= Kondengui Central Prison =

Maximum security prison in Cameroon

Kondengui Central Prison is a maximum security prison in Yaoundé, Cameroon. It has been the subject of numerous international criticisms for its overcrowding and poor conditions.

 Kondengui was constructed in 1967 and was originally built to house 1,500 inmates. The facility has 16 toilets and 400 beds.

In 2002, prisoners were fed one meal a day and given 4.4 ounces of soap every six months. In 2003, the US Department of State issued a "scathing" report on Cameroonian prisons in which it noted that Kondengui was severely overcrowded, housing a population of 9,530 in space meant for 2,000. In 2011, Amnesty International described the prison conditions to be "harsh, with inmates suffering overcrowding, poor sanitation and inadequate food. Prison guards are poorly trained, ill-equipped and their numbers inadequate for a big prison population."

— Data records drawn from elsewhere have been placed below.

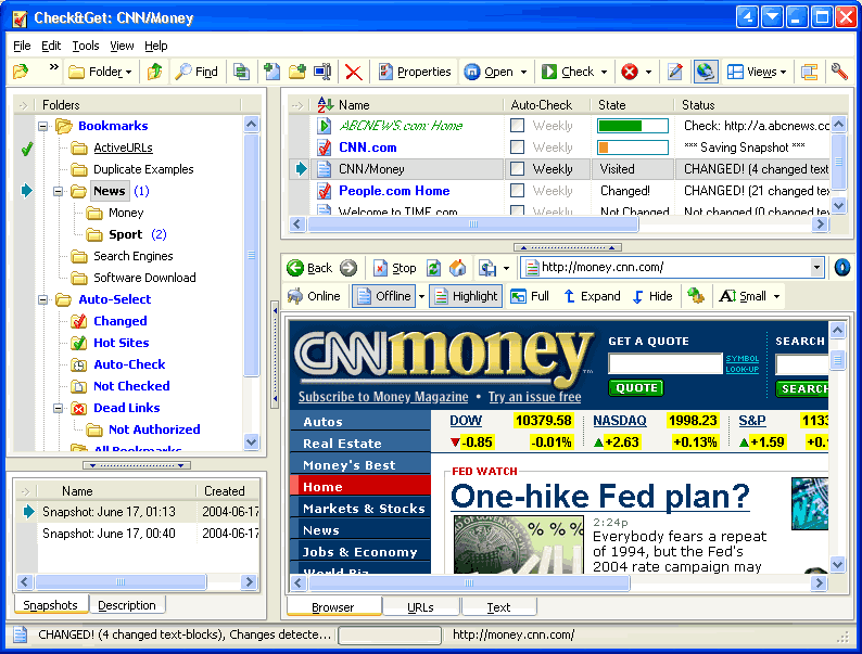 Занимаетесь ли Вы бизнесом и Вам необходимо знать изменения цен, опубликованных на сайтах Ваших конкурентов, студентом, ищущим в сети новые рефераты, или домашним пользователем, который следит за успехами своей любимой спортивной команды - Check&Get это средство для Вас!!!
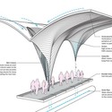 La propuesta diseñada por ShoP Architects referencia su forma de las estaciones de trenes tradicionales: columnas que soportan techos abovedados, los espacios abuhardillados que evocan imágenes de grandeza, una firmeza y la solidaridad que resuena con su entorno. La estructura con forma de tienda de campaña, va más allá de la plataforma que abarca el espacio urbano circundante, rompiendo libremente con el estrecho y restrictivo sitio. Las chimeneas solares de 100 pies de alto proporcionan un alivio del calor y ofrecen ventilación natural ayudando a la circulación del aire. La forma de las chimeneas dirige el agua de la lluvia para que no interrumpa el flujo de pasajeros.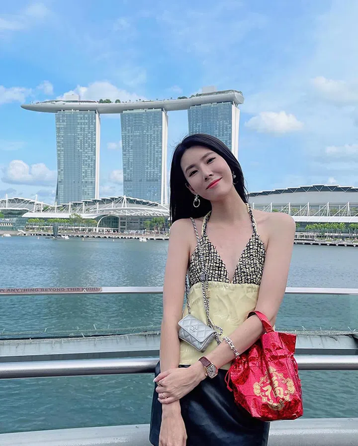 黄思恬这款Chanel迷你链式腰袋,早前她也曾用来搭配极简黑色造型。这次过新年她穿着清凉的浅黄吊带,在户外拍照超性感。
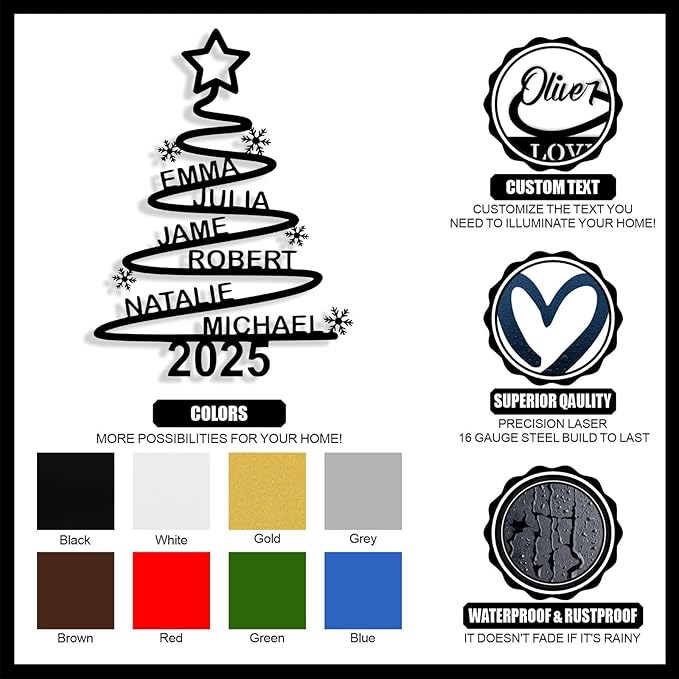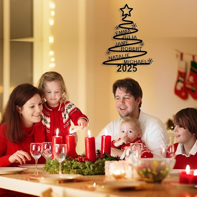 - Personalized Christmas Tree Metal Sign - Click "CUSTOMIZE NOW" and enter the last name, text, established date on the custom metal sign. Adds a Christmas holiday atmosphere to your home door, living room, portch wall decor.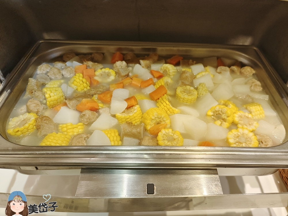 至於湯品,也挺讓人驚喜的,沒有一般會提供的玉米濃湯,反而是給了黑輪蘿蔔玉米湯,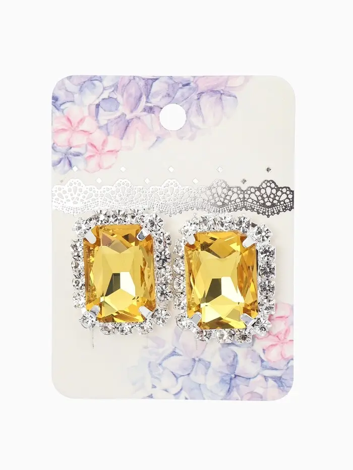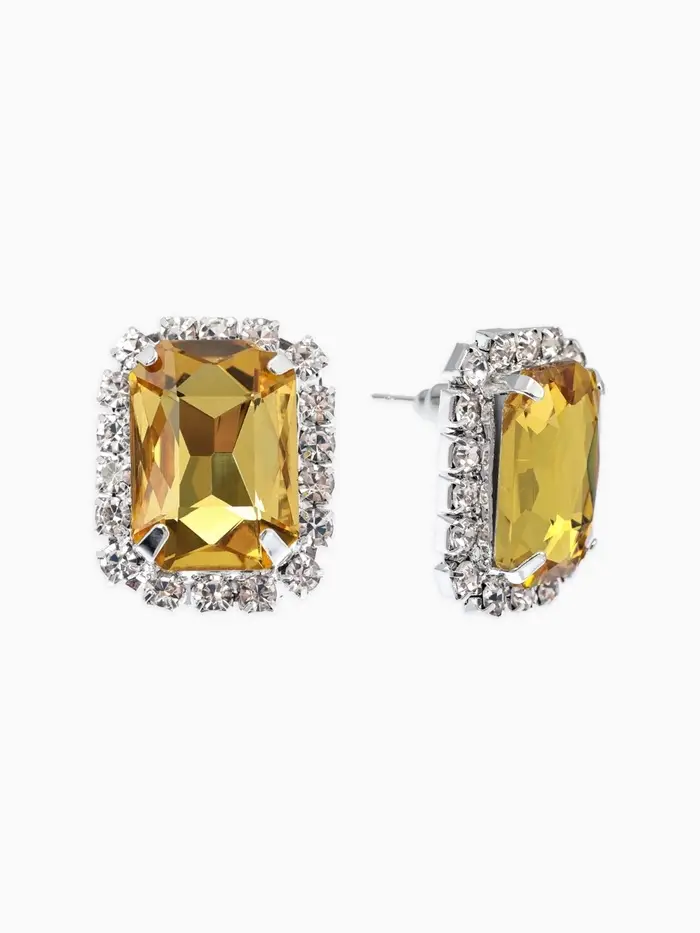 Серьги со стразами "Роскошь", прямоугольник, цвет жёлто-белый в серебре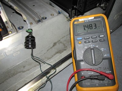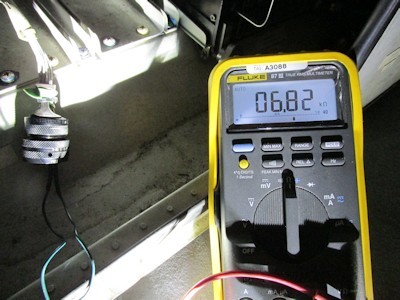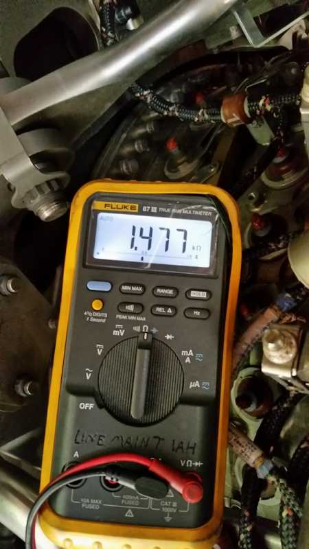 We gained access to the controllers and shot each loop system. Loop "A" was 1.4K ohms thru pins D and R (as you count the pins...... "A" is not marked but it aligns with the main key-way and there is no I,O,or Q). Loop "B" read 6.8K ohms. Both loops on the opposite engine read 1.4K also.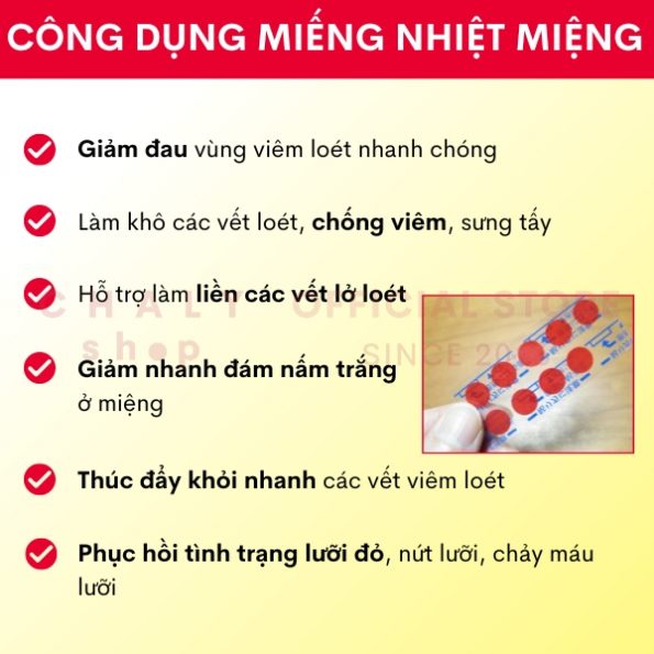 – Miếng dán nhiệt miệng của Nhật có thành phần thuốc trị nhiệt miệng trực tiếp tiếp xúc với vùng miệng viêm lở, thúc đẩy quá trình tiêu diệt vi khuẩn có hại và chữa lành vết thương
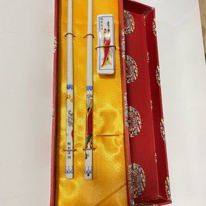 The box includes one pair of beautiful white porcelain chopstick with red plum pictures and one porcelain rest. They can be used as real chopsticks or one of your hobby collections.

==Notable current and past prisoners==
- Albert Womah Mukong, a bookstore owner and pro-independence activist who wrote Prisoner Without a Crime based on his six years in prison during the 1970s and later became the head of Human Rights Defence Group, was imprisoned in Kondengui Central Prison in 2001 for his position on the self-determination of English speakers.
- Garga Haman Adji, politician, later Minister of Civil Service.
- Issa Tchiroma Bakary, politician, later Minister of Communication.
- Mancho Bibixy Tse, A local radio journalist and history teacher that sparked the Coffin Revolution of 2016 denouncing the human rights violations of Cameroon's Anglophone Cameroonian population. He is currently a prisoner.
- Maurice Kamto, politician, presidential candidate and formerly Minister-Delegate to the Minister of Justice
- Jean-Claude Roger Mbede, imprisoned for homosexuality and named a prisoner of conscience by Amnesty International.
- Enoh Meyomesse, dissident poet and presidential candidate imprisoned on widely disputed theft charges. Amnesty International, which does not have a permanent office in Cameroon, had named Meyomesse a prisoner of conscience. On April 16, 2015, after 40 months and 15 days in custody since his arrest on November 22, 2011, Enoh Meyomesse was finally declared not guilty and sprung from Kondengui Central Prison.
- Germain Cyrille Ngota Ngota, journalist whose arrest and death while in detention were protested by Reporters Without Borders and the Committee to Protect Journalists.

==In popular culture==
Makossa singer Lapiro de Mbanga referenced the prison in a popular 2007 anti-corruption song, with lyrics including "Send them to Kondengui Prison. Everybody to Kondengui. ministers, directors send them to Kondengui".